Revisiting 1991: Despite Being a 'Bold & Beautiful' Move, Why Govt's Fresh Push Comes With Caution

The decision to cut effective corporate tax to 25.17%, inclusive of all cess and surcharges, for domestic companies couldn’t have come at a better time for India Inc. The slew of measures to help the beleaguered business class and boost the sagging economy in general show that the Narendra Modi government is responsive to the feedback from the ground.

Finance & Corporate Affairs Nirmala Sitharaman announced the measures at a press conference in Goa on Friday. In order to attract fresh investment in manufacturing and thereby provide boost to the Make in India programme, the government has inserted a new provision in the Income-Tax Act with effect from April 1, 2019, an official press release said.

Any new domestic manufacturing company incorporated on or after October 1, 2019, will have the option to pay income-tax at the rate of 15%. This benefit is available to companies which do not avail any exemption/incentive and commences their production on or before March 31, 2023.

The effective tax rate for these companies shall be 17.01% inclusive of surcharge and cess. Also, such companies shall not be required to pay Minimum Alternate Tax, the release said.

The companies which do not opt for the concessional tax regime and avail the tax exemptions and incentives shall continue to pay tax at the pre-amended rate. However, these companies can opt for the concessional tax regime after expiry of their tax holiday/exemption period.

The government has also withdrawn the enhanced surcharge on capital gains that was announced in the last Budget. This has been done “in order to stabilise the flow of funds into the capital markets”. The enhanced surcharge shall also not apply to capital gains arising on sale of any security including derivatives, in the hands of foreign portfolio investors or FPIs.

Further, for the listed companies which made a public announcement of buyback before July 5, 2019, it is provided that tax on buyback of shares in case of such companies shall not be charged.

The capital market responded jubilantly to the new announcements, with the benchmark BSE shooting over 1,700 points; the Nifty too jumped around 4.8%.

The corporate social responsibility (CSR) regime, violations of which were earlier decriminalised, was further relaxed, with the government allowing the funds to be spent on the incubators funded by Central or state government, public sector undertaking, contributions to public funded universities, IITs, etc.

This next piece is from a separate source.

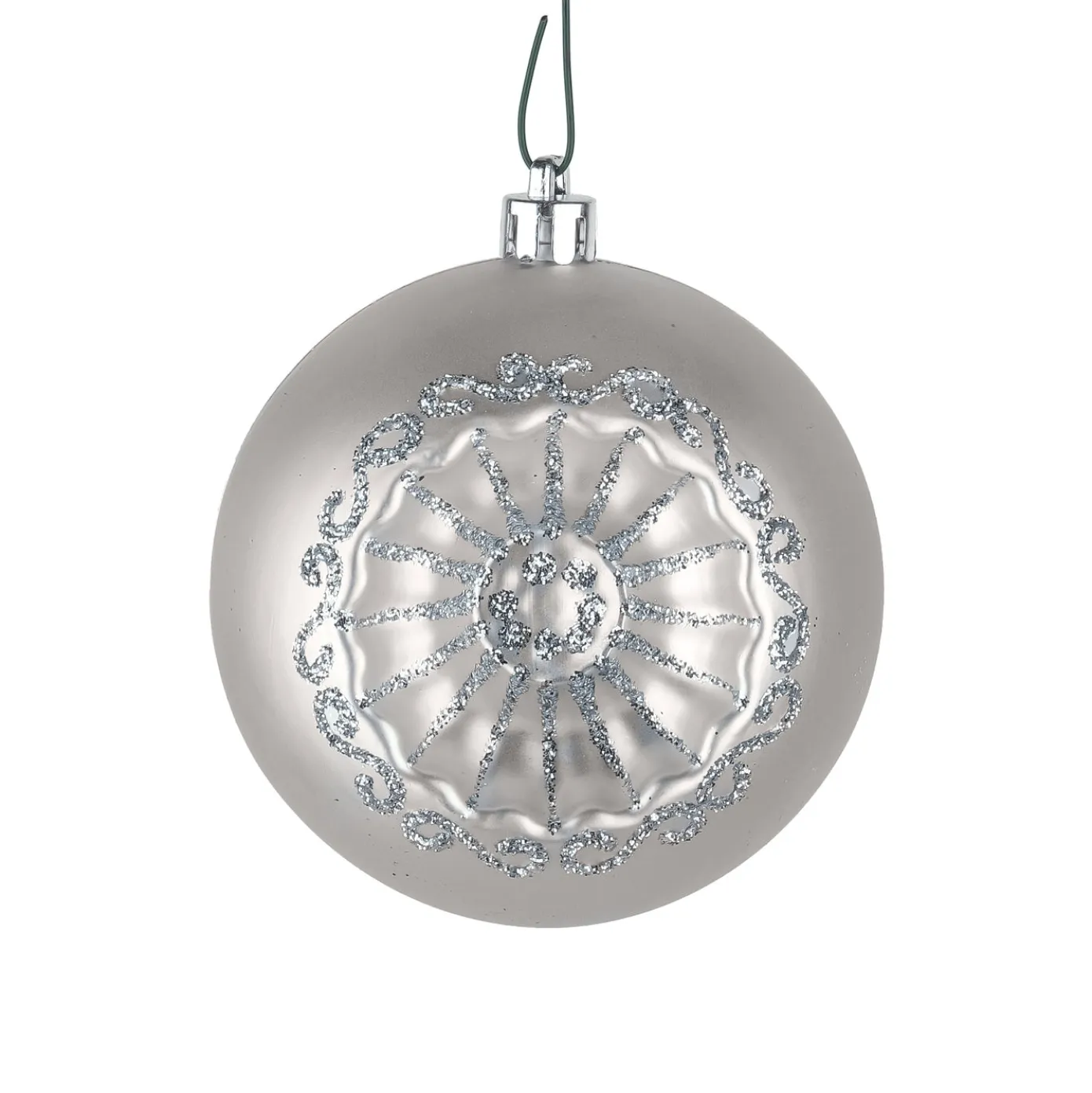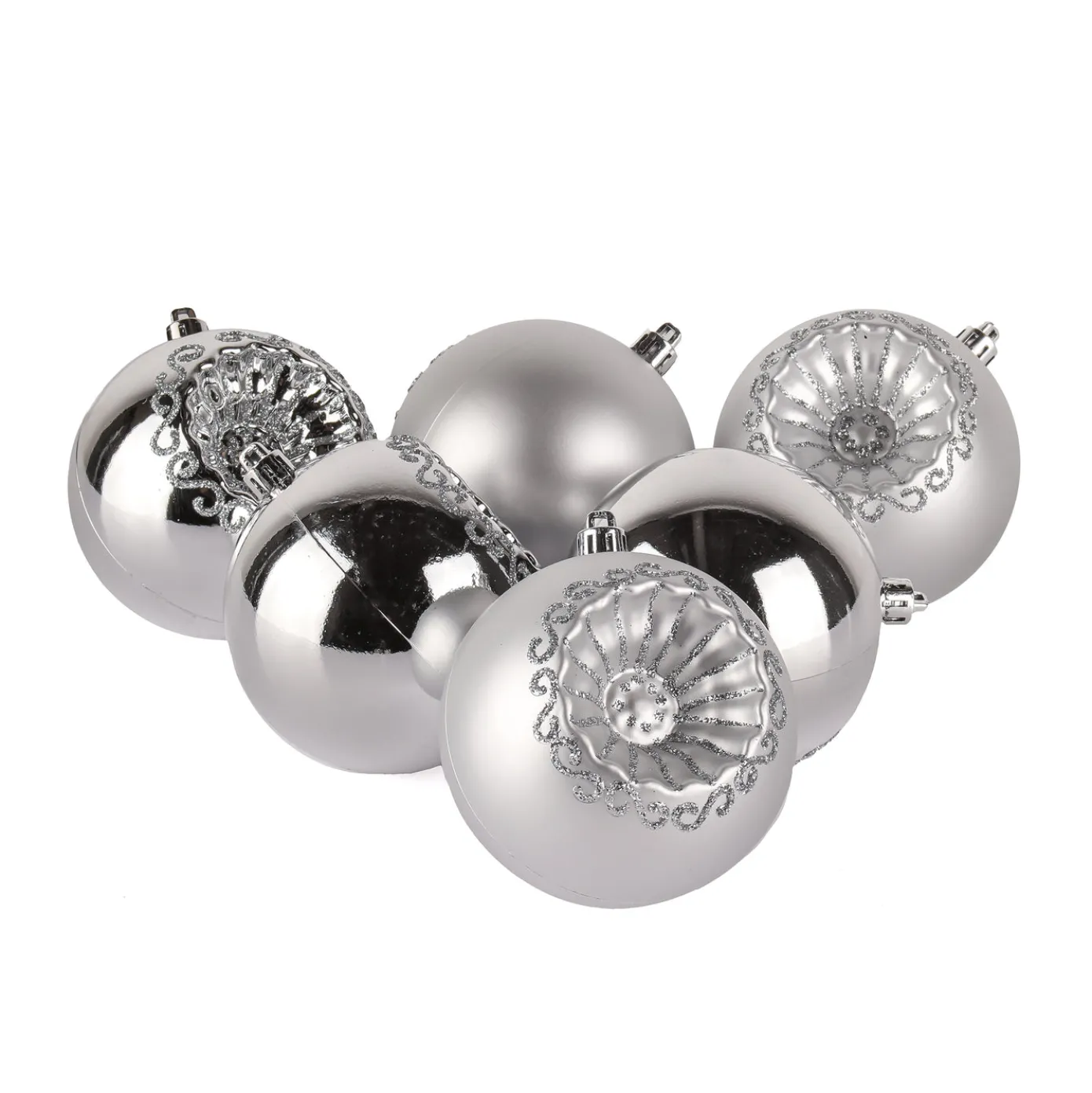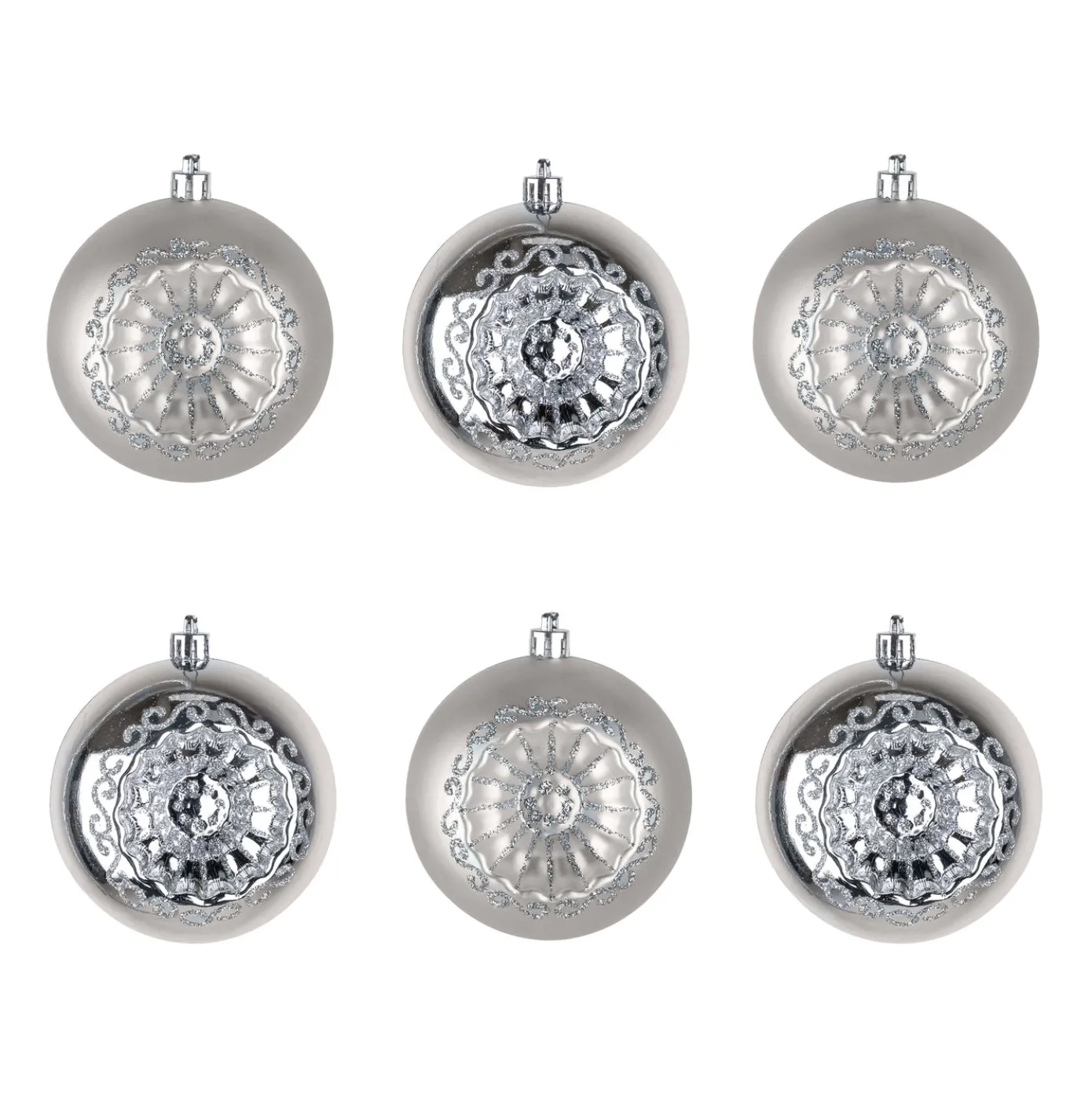This set consists of six silver color ball ornaments that feature a recessed design with ornate silver-sparkled trimmings. Included are ornaments in both gloss and matte finishes, all constructed of lightweight and shatterproof polystyrene material. This set is elegant and perfect for adding a touch of shimmer to your holiday decor! The silver color will complement a variety of color schemes, making them versatile for any festive display.

This is a very bold move, for the total revenue foregone as a result of the rate cuts is in the region of Rs 145,000 crore — a big number against the backdrop of dropping gross domestic product (GDP), low revenue mop-up, a looming oil crisis, and a tight fiscal situation.

But boldness is beautiful, for it is based on a sound economic principle: lower tax rates result in higher revenue collection. On the face of it, this appears mathematically impossible, but in the real economy a lower tax incidence boosts people to invest more which, in turn, increases economic activity, augments production, and creates jobs.

More jobs mean more people spending more money and generating more profit for businesspersons, further boosting investment, production, and employment. Hence, the virtuous circle.

However, we should temper our optimism with caution. While the steps announced are indeed welcome, we should not forget that these are part of a firefighting exercise, not the consequence of some systemised thinking with a vision for the future and with clearly defined short-, middle-, and long-term goals. Neither do they reflect any (newly-found) predilection for structural reforms, which are the need of the hour, on the part of the government. At best, the exercise is an economic reaction, though very good; it is certainly not the dawn of economic philosophy.

Further, the announced measures exemplify the adage that economic reforms happen in India only under duress. In 1991, there was an unprecedented crisis of mammoth proportions, so the policy and decision makers scrambled to fix the system. The result was liberalisation, a watershed moment in the economic history of India.

The point to be emphasised here is that 1991 was also economic reaction (albeit very appropriate), not the commencement of a system untouched by the pathologies of socialism. Unsurprisingly, the grammar of political economy and phraseology of public discourse continued to be infected with the germs of discredited ideologies like socialism and statism.

Yet, the Modi government should be lauded for being responsive to the needs of India Inc and coming up with measures to help it recover.

(The author is a senior journalist. Views expressed are personal.)